Task
For every record beneath this instruction, give an exact repetition, omitting images.
──────── Data to use ────────
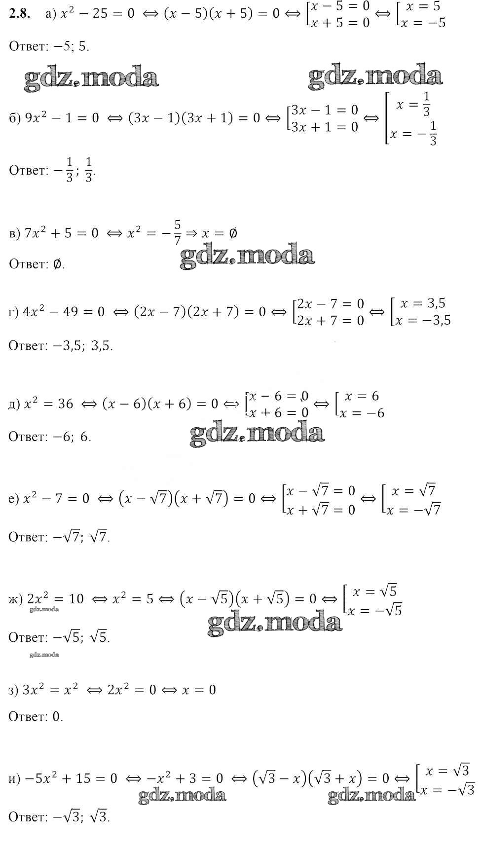 ОТВЕТ на задание № 2.8 Учебник по Алгебре 8 класс Арефьева
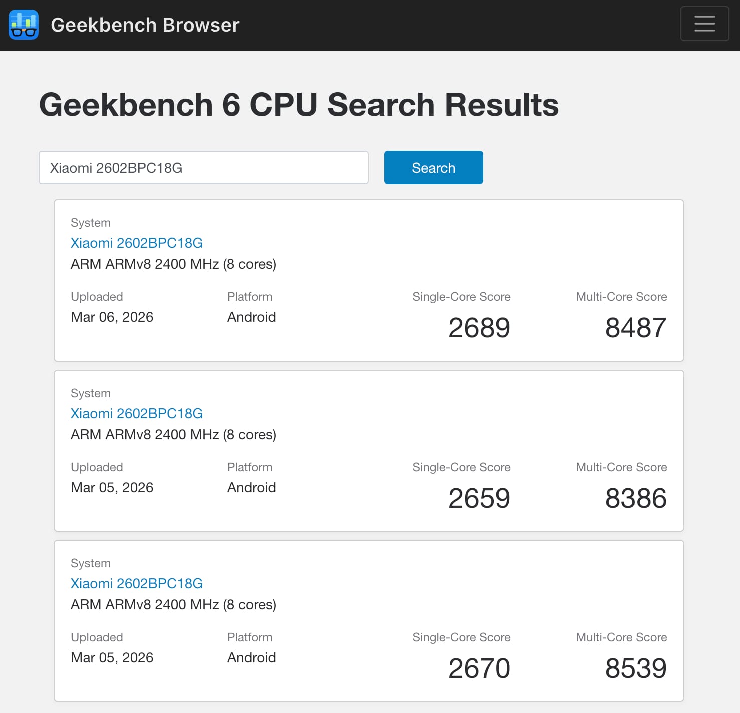 Im Geekbench erzielte das Poco X8 Pro Max keine besonders guten Ergebnisse, insbesondere im Multi-Core-Test nicht. Mit einem Multi-Core-Score von 8471 liegt es deutlich hinter Smartphones mit Snapdragon 8 Gen 5 oder Dimensity 9500 wie dem Oppo Find X9 Pro. Der Unterschied im Single-Core-Score fällt geringer aus. Dort erreicht das Pro Max durchschnittliche 2673 Punkte. Damit ist es nur geringfügig langsamer als Smartphones mit Snapdragon 8 Elite Gen 5.
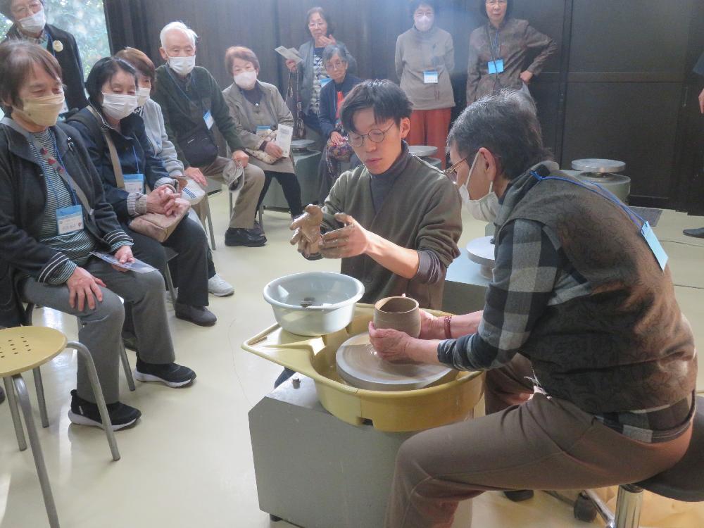 二代目の山元一真さんには、実際にろくろを回しながら粘土の扱い方を説明していただき、数人の受講生さんに体験してもらいました。指先、手の平で形を整えていくのは難しそうでしたが、良い経験ができたようでした。
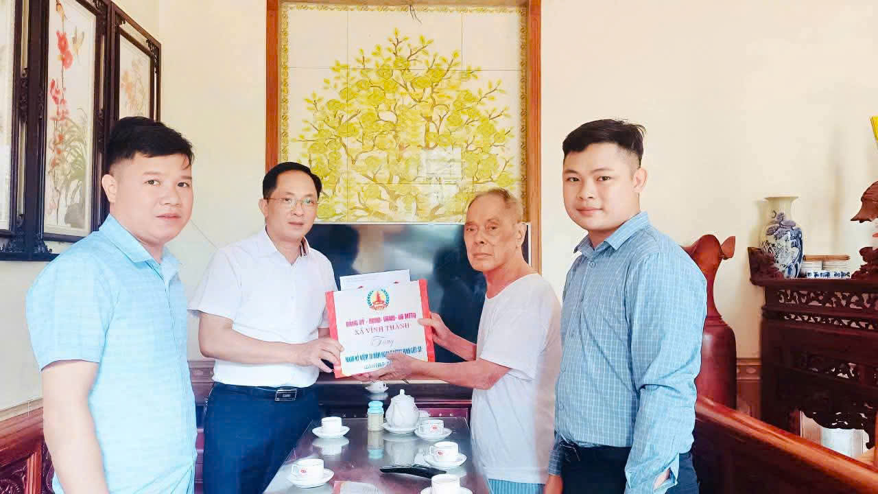 Ông Vũ Đức Kim, Phó Bí thư thường trực Đảng ủy xã Vĩnh Thành thăm hỏi, tặng quà các gia đình chính sách.
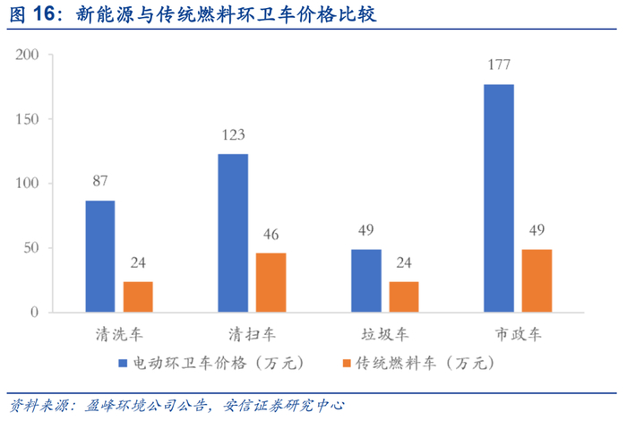 电池成本与技术提升有望推动整车价格下降。目前电动环卫车生产成本主要集中在:底盘+电池+各分系统电器+上装,电池、底盘和上装成本在整车企业装配过程中占主要部分。对比传统汽油环卫车的底盘、发动机和上装成本,电池成本成了新能源环卫车成本控制中不可忽视的一环。从动力电池研发生产情况以及《新能源汽车推广应用推荐目录》的电池配套情况来看,目前新能源电动车的动力电池主要是铅酸蓄电池、三元锂离子电池和锰酸锂电池。目前新能源环卫车主要以纯电动环卫车为主,后者底盘主要采用的是磷酸铁锂电池。
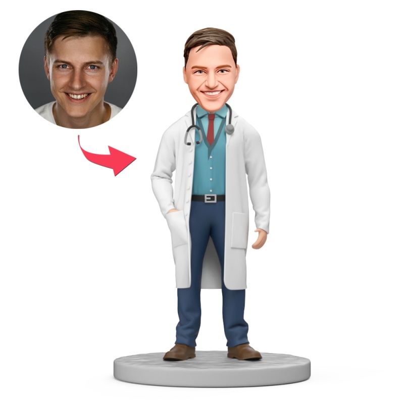 Male Doctor With Stethoscope Wear Blue Shirt Custom Bobblehead with Engraved Text
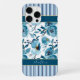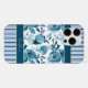 Elegant Dusty Blue Floral White Stripe Monogram iPhone Case
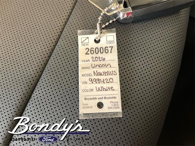 2026 Lincoln Nautilus Premiere 2.0L GTDI FHEV, 10 Speakers, 110V Power Converter, 19 Bright Machined Aluminum Wheels, 4-Wheel Disc Brakes, ABS brakes, Air Conditioning, Alloy wheels, AM/FM radio: SiriusXM with 360L, Apple CarPlay/Android Auto, Auto Air Refresh, Auto High-beam Headlights, Auto tilt-away steering wheel, Auto-dimming Rear-View mirror, Automatic temperature control, BlueCruise Equipped (4-Years Included), Brake assist, Bumpers: body-color, Compass, Delay-off headlights, Digital Scent, Driver door bin, Driver vanity mirror, Dual front impact airbags, Dual front side impact airbags, Electronic Stability Control, Emergency communication system: 911 Assist, Equipment Group 102A, Exterior Parking Camera Rear, Four wheel independent suspension, Front anti-roll bar, Front Bucket Seats, Front Center Armrest w/Storage, Front dual zone A/C, Front reading lights, Fully automatic headlights, Garage door transmitter, Hands-Free Power Liftgate, Heated door mirrors, Heated front seats, Heated steering wheel, Illuminated entry, Knee airbag, Leather steering wheel, Lincoln Connectivity Package, Lincoln Digital Experience, Lincoln Soft Touch Heated Front Captain's Chairs, Low tire pressure warning, Memory seat, Navigation System, Occupant sensing airbag, Outside temperature display, Overhead airbag, Overhead console, Panic alarm, Panoramic Vista Roof with Powershade, Passenger door bin, Passenger vanity mirror, Power door mirrors, Power driver seat, Power Liftgate, Power passenger seat, Power steering, Power windows, Radio data system, Radio: AM/FM Premium Audio, Radio: AM/FM Revel Audio System, Rain sensing wipers, Rear anti-roll bar, Rear Heated Seats with Switch Control, Rear reading lights, Rear seat center armrest, Rear window defroster, Rear window wiper, Remote keyless entry, Security system, SiriusXM with 360L, Speed control, Speed-sensing steering, Speed-Sensitive Wipers, Split folding rear seat, Spoiler, Steering wheel memory, Steering wheel mounted audio controls, Tachometer, Telescoping steering wheel, Tilt steering wheel, Traction control, Trip computer, Turn signal indicator mirrors, Variably intermittent wipers, Ventilated Front Seats, Wheels: 20 Bright Machined Aluminum, 2.0L GTDI FHEV.
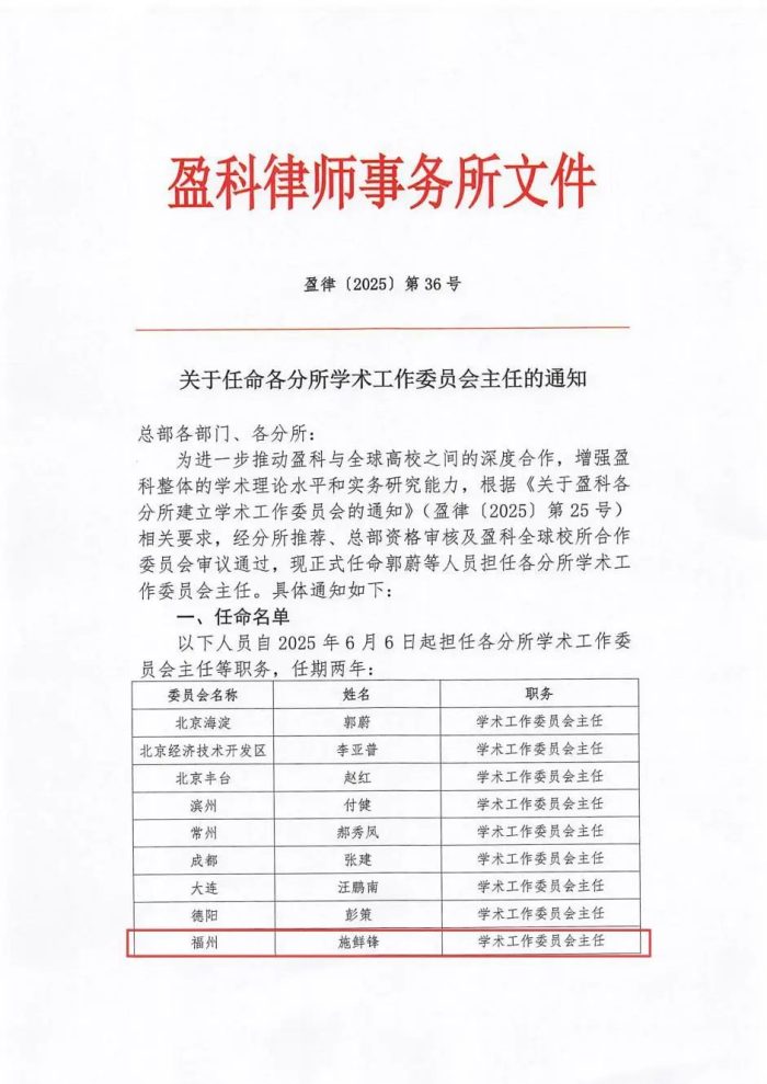 施鮮鋒律師擔(dān)任盈科福州律師事務(wù)所學(xué)術(shù)工作委員會(huì)主任 福州律師資訊發(fā)布者 福州律師網(wǎng)2025年6月13日為進(jìn)一步推動(dòng)盈科與全球高校之間的深度合作,增強(qiáng)盈科整體的學(xué)術(shù)理論水平和實(shí)務(wù)研究能力,根據(jù)《關(guān)于盈科各分所建立學(xué)術(shù)工作委員詳情
────────
Task output
 ОТВЕТ на задание № 2.8 Учебник по Алгебре 8 класс Арефьева
 Im Geekbench erzielte das Poco X8 Pro Max keine besonders guten Ergebnisse, insbesondere im Multi-Core-Test nicht. Mit einem Multi-Core-Score von 8471 liegt es deutlich hinter Smartphones mit Snapdragon 8 Gen 5 oder Dimensity 9500 wie dem Oppo Find X9 Pro. Der Unterschied im Single-Core-Score fällt geringer aus. Dort erreicht das Pro Max durchschnittliche 2673 Punkte. Damit ist es nur geringfügig langsamer als Smartphones mit Snapdragon 8 Elite Gen 5.
 二代目の山元一真さんには、実際にろくろを回しながら粘土の扱い方を説明していただき、数人の受講生さんに体験してもらいました。指先、手の平で形を整えていくのは難しそうでしたが、良い経験ができたようでした。
 Ông Vũ Đức Kim, Phó Bí thư thường trực Đảng ủy xã Vĩnh Thành thăm hỏi, tặng quà các gia đình chính sách.
 电池成本与技术提升有望推动整车价格下降。目前电动环卫车生产成本主要集中在:底盘+电池+各分系统电器+上装,电池、底盘和上装成本在整车企业装配过程中占主要部分。对比传统汽油环卫车的底盘、发动机和上装成本,电池成本成了新能源环卫车成本控制中不可忽视的一环。从动力电池研发生产情况以及《新能源汽车推广应用推荐目录》的电池配套情况来看,目前新能源电动车的动力电池主要是铅酸蓄电池、三元锂离子电池和锰酸锂电池。目前新能源环卫车主要以纯电动环卫车为主,后者底盘主要采用的是磷酸铁锂电池。
 Male Doctor With Stethoscope Wear Blue Shirt Custom Bobblehead with Engraved Text
 Elegant Dusty Blue Floral White Stripe Monogram iPhone Case
 2026 Lincoln Nautilus Premiere 2.0L GTDI FHEV, 10 Speakers, 110V Power Converter, 19 Bright Machined Aluminum Wheels, 4-Wheel Disc Brakes, ABS brakes, Air Conditioning, Alloy wheels, AM/FM radio: SiriusXM with 360L, Apple CarPlay/Android Auto, Auto Air Refresh, Auto High-beam Headlights, Auto tilt-away steering wheel, Auto-dimming Rear-View mirror, Automatic temperature control, BlueCruise Equipped (4-Years Included), Brake assist, Bumpers: body-color, Compass, Delay-off headlights, Digital Scent, Driver door bin, Driver vanity mirror, Dual front impact airbags, Dual front side impact airbags, Electronic Stability Control, Emergency communication system: 911 Assist, Equipment Group 102A, Exterior Parking Camera Rear, Four wheel independent suspension, Front anti-roll bar, Front Bucket Seats, Front Center Armrest w/Storage, Front dual zone A/C, Front reading lights, Fully automatic headlights, Garage door transmitter, Hands-Free Power Liftgate, Heated door mirrors, Heated front seats, Heated steering wheel, Illuminated entry, Knee airbag, Leather steering wheel, Lincoln Connectivity Package, Lincoln Digital Experience, Lincoln Soft Touch Heated Front Captain's Chairs, Low tire pressure warning, Memory seat, Navigation System, Occupant sensing airbag, Outside temperature display, Overhead airbag, Overhead console, Panic alarm, Panoramic Vista Roof with Powershade, Passenger door bin, Passenger vanity mirror, Power door mirrors, Power driver seat, Power Liftgate, Power passenger seat, Power steering, Power windows, Radio data system, Radio: AM/FM Premium Audio, Radio: AM/FM Revel Audio System, Rain sensing wipers, Rear anti-roll bar, Rear Heated Seats with Switch Control, Rear reading lights, Rear seat center armrest, Rear window defroster, Rear window wiper, Remote keyless entry, Security system, SiriusXM with 360L, Speed control, Speed-sensing steering, Speed-Sensitive Wipers, Split folding rear seat, Spoiler, Steering wheel memory, Steering wheel mounted audio controls, Tachometer, Telescoping steering wheel, Tilt steering wheel, Traction control, Trip computer, Turn signal indicator mirrors, Variably intermittent wipers, Ventilated Front Seats, Wheels: 20 Bright Machined Aluminum, 2.0L GTDI FHEV.
 施鮮鋒律師擔(dān)任盈科福州律師事務(wù)所學(xué)術(shù)工作委員會(huì)主任 福州律師資訊發(fā)布者 福州律師網(wǎng)2025年6月13日為進(jìn)一步推動(dòng)盈科與全球高校之間的深度合作,增強(qiáng)盈科整體的學(xué)術(shù)理論水平和實(shí)務(wù)研究能力,根據(jù)《關(guān)于盈科各分所建立學(xué)術(shù)工作委員詳情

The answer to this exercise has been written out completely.